▸ **Brief**
Could you restate every entry word for word, leaving the pictures out?
>>>
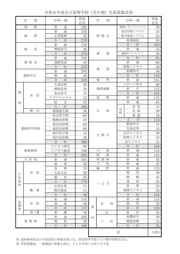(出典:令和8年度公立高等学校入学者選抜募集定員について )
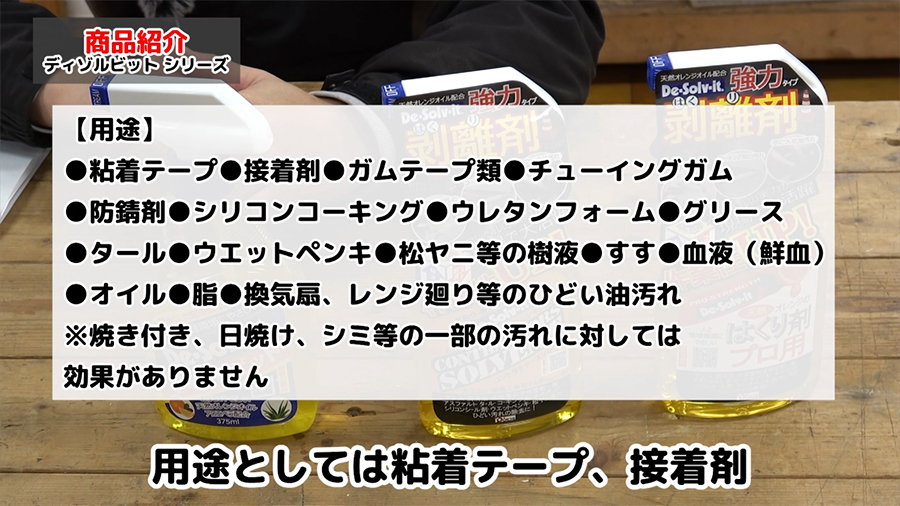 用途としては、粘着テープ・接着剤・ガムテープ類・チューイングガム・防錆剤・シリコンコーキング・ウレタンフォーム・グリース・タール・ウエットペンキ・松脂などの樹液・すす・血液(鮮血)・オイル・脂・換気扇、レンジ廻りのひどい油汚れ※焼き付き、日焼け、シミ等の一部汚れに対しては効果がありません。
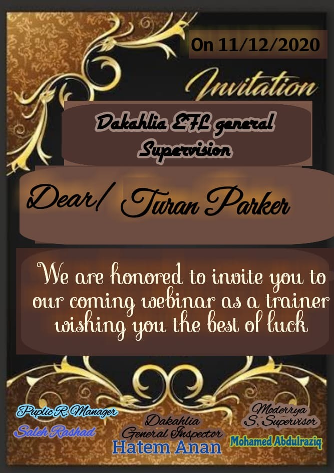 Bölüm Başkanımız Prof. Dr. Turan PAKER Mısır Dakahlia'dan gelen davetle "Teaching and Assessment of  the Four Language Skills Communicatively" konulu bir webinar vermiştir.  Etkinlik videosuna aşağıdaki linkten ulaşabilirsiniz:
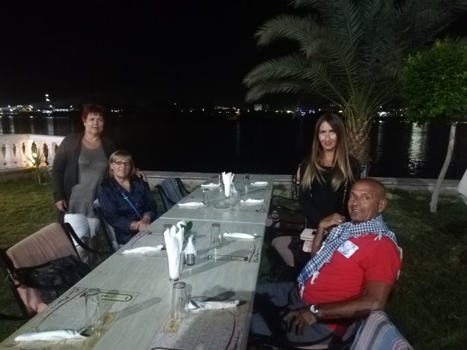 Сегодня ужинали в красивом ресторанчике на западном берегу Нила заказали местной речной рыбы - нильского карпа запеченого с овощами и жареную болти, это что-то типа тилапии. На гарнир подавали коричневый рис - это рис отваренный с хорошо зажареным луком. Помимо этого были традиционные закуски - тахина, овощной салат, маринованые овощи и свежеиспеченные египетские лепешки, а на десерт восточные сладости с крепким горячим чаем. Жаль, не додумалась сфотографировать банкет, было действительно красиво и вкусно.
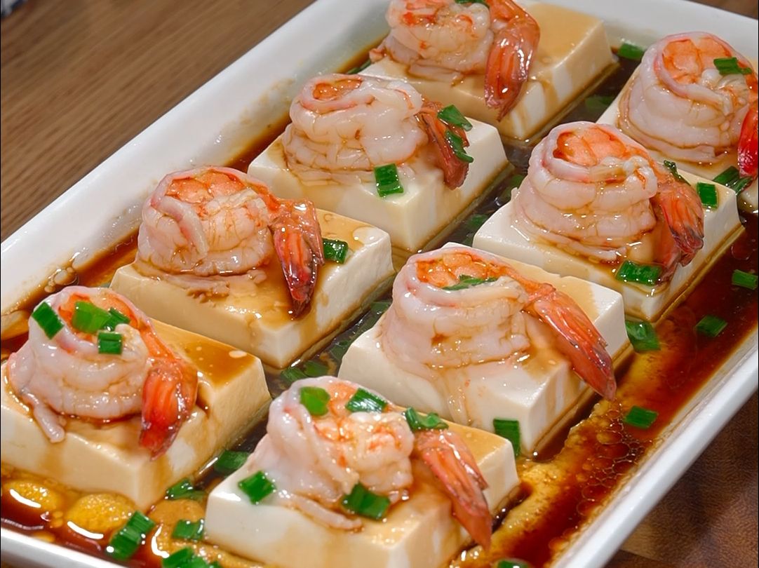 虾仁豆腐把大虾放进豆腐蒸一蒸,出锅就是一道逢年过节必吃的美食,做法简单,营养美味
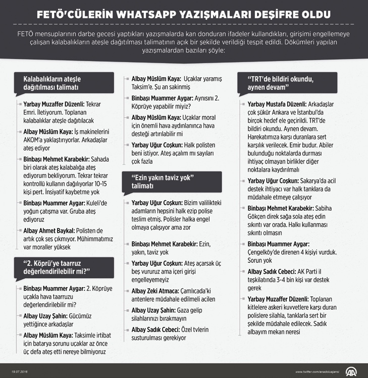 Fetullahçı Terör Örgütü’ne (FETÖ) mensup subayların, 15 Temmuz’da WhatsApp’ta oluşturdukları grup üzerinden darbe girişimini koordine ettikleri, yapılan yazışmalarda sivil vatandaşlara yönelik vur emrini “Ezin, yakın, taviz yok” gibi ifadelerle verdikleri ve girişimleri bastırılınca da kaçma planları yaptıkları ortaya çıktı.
<<<
▸ **Completed exercise**
(出典:令和8年度公立高等学校入学者選抜募集定員について )
 用途としては、粘着テープ・接着剤・ガムテープ類・チューイングガム・防錆剤・シリコンコーキング・ウレタンフォーム・グリース・タール・ウエットペンキ・松脂などの樹液・すす・血液(鮮血)・オイル・脂・換気扇、レンジ廻りのひどい油汚れ※焼き付き、日焼け、シミ等の一部汚れに対しては効果がありません。
 Bölüm Başkanımız Prof. Dr. Turan PAKER Mısır Dakahlia'dan gelen davetle "Teaching and Assessment of  the Four Language Skills Communicatively" konulu bir webinar vermiştir.  Etkinlik videosuna aşağıdaki linkten ulaşabilirsiniz:
 Сегодня ужинали в красивом ресторанчике на западном берегу Нила заказали местной речной рыбы - нильского карпа запеченого с овощами и жареную болти, это что-то типа тилапии. На гарнир подавали коричневый рис - это рис отваренный с хорошо зажареным луком. Помимо этого были традиционные закуски - тахина, овощной салат, маринованые овощи и свежеиспеченные египетские лепешки, а на десерт восточные сладости с крепким горячим чаем. Жаль, не додумалась сфотографировать банкет, было действительно красиво и вкусно.
 虾仁豆腐把大虾放进豆腐蒸一蒸,出锅就是一道逢年过节必吃的美食,做法简单,营养美味
 Fetullahçı Terör Örgütü’ne (FETÖ) mensup subayların, 15 Temmuz’da WhatsApp’ta oluşturdukları grup üzerinden darbe girişimini koordine ettikleri, yapılan yazışmalarda sivil vatandaşlara yönelik vur emrini “Ezin, yakın, taviz yok” gibi ifadelerle verdikleri ve girişimleri bastırılınca da kaçma planları yaptıkları ortaya çıktı.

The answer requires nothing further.